REQUIRED ACTION >> Although the entries hold pictures, only their words are printed back, exactly as given.

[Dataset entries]
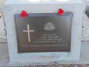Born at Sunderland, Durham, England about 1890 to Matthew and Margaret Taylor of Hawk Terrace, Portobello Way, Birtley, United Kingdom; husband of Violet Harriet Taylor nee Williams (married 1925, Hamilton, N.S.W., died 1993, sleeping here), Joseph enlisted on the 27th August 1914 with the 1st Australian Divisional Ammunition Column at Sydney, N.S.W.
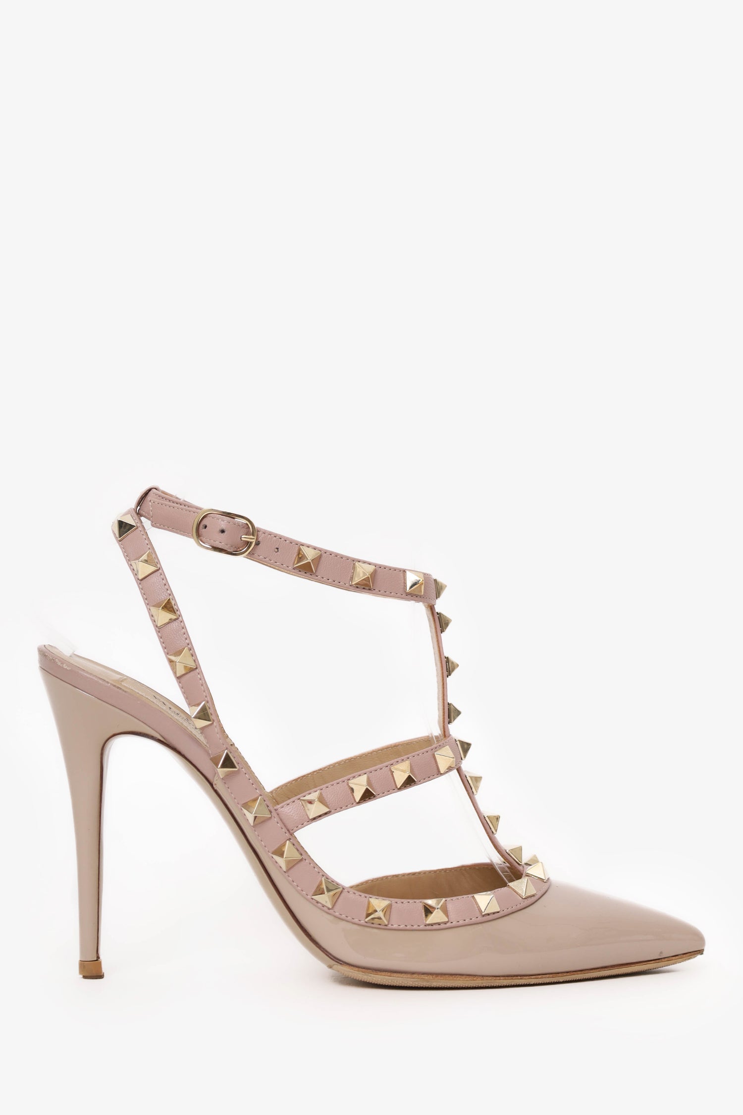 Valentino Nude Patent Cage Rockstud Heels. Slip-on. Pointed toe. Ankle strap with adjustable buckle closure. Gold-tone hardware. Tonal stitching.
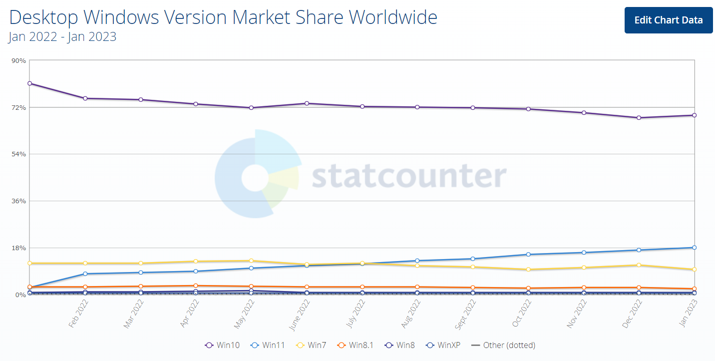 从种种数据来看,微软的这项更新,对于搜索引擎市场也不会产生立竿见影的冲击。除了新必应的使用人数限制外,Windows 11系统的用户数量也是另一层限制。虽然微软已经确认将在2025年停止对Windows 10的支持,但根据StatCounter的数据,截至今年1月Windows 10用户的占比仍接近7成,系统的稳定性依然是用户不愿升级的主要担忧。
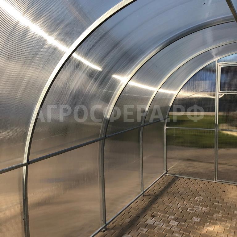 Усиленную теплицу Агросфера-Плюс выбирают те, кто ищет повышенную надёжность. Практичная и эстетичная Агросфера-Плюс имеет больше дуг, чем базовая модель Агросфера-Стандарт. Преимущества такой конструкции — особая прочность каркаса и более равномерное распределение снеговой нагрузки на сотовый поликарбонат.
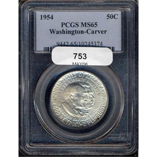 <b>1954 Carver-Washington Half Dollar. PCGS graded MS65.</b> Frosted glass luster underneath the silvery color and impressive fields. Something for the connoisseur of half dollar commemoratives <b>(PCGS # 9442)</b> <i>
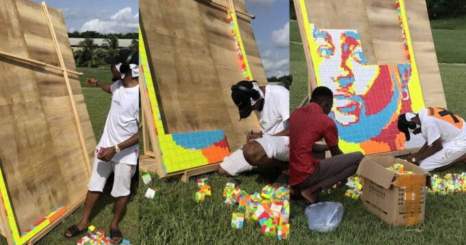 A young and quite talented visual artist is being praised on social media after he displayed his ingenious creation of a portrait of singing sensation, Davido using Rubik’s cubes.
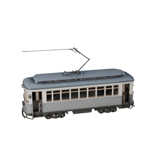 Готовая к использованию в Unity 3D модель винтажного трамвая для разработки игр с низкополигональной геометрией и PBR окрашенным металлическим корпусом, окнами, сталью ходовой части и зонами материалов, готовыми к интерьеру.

RESPONSE TO THIS EXERCISE >>
Born at Sunderland, Durham, England about 1890 to Matthew and Margaret Taylor of Hawk Terrace, Portobello Way, Birtley, United Kingdom; husband of Violet Harriet Taylor nee Williams (married 1925, Hamilton, N.S.W., died 1993, sleeping here), Joseph enlisted on the 27th August 1914 with the 1st Australian Divisional Ammunition Column at Sydney, N.S.W.
 Valentino Nude Patent Cage Rockstud Heels. Slip-on. Pointed toe. Ankle strap with adjustable buckle closure. Gold-tone hardware. Tonal stitching.
 从种种数据来看,微软的这项更新,对于搜索引擎市场也不会产生立竿见影的冲击。除了新必应的使用人数限制外,Windows 11系统的用户数量也是另一层限制。虽然微软已经确认将在2025年停止对Windows 10的支持,但根据StatCounter的数据,截至今年1月Windows 10用户的占比仍接近7成,系统的稳定性依然是用户不愿升级的主要担忧。
 Усиленную теплицу Агросфера-Плюс выбирают те, кто ищет повышенную надёжность. Практичная и эстетичная Агросфера-Плюс имеет больше дуг, чем базовая модель Агросфера-Стандарт. Преимущества такой конструкции — особая прочность каркаса и более равномерное распределение снеговой нагрузки на сотовый поликарбонат.
 <b>1954 Carver-Washington Half Dollar. PCGS graded MS65.</b> Frosted glass luster underneath the silvery color and impressive fields. Something for the connoisseur of half dollar commemoratives <b>(PCGS # 9442)</b> <i>
 A young and quite talented visual artist is being praised on social media after he displayed his ingenious creation of a portrait of singing sensation, Davido using Rubik’s cubes.
 Готовая к использованию в Unity 3D модель винтажного трамвая для разработки игр с низкополигональной геометрией и PBR окрашенным металлическим корпусом, окнами, сталью ходовой части и зонами материалов, готовыми к интерьеру.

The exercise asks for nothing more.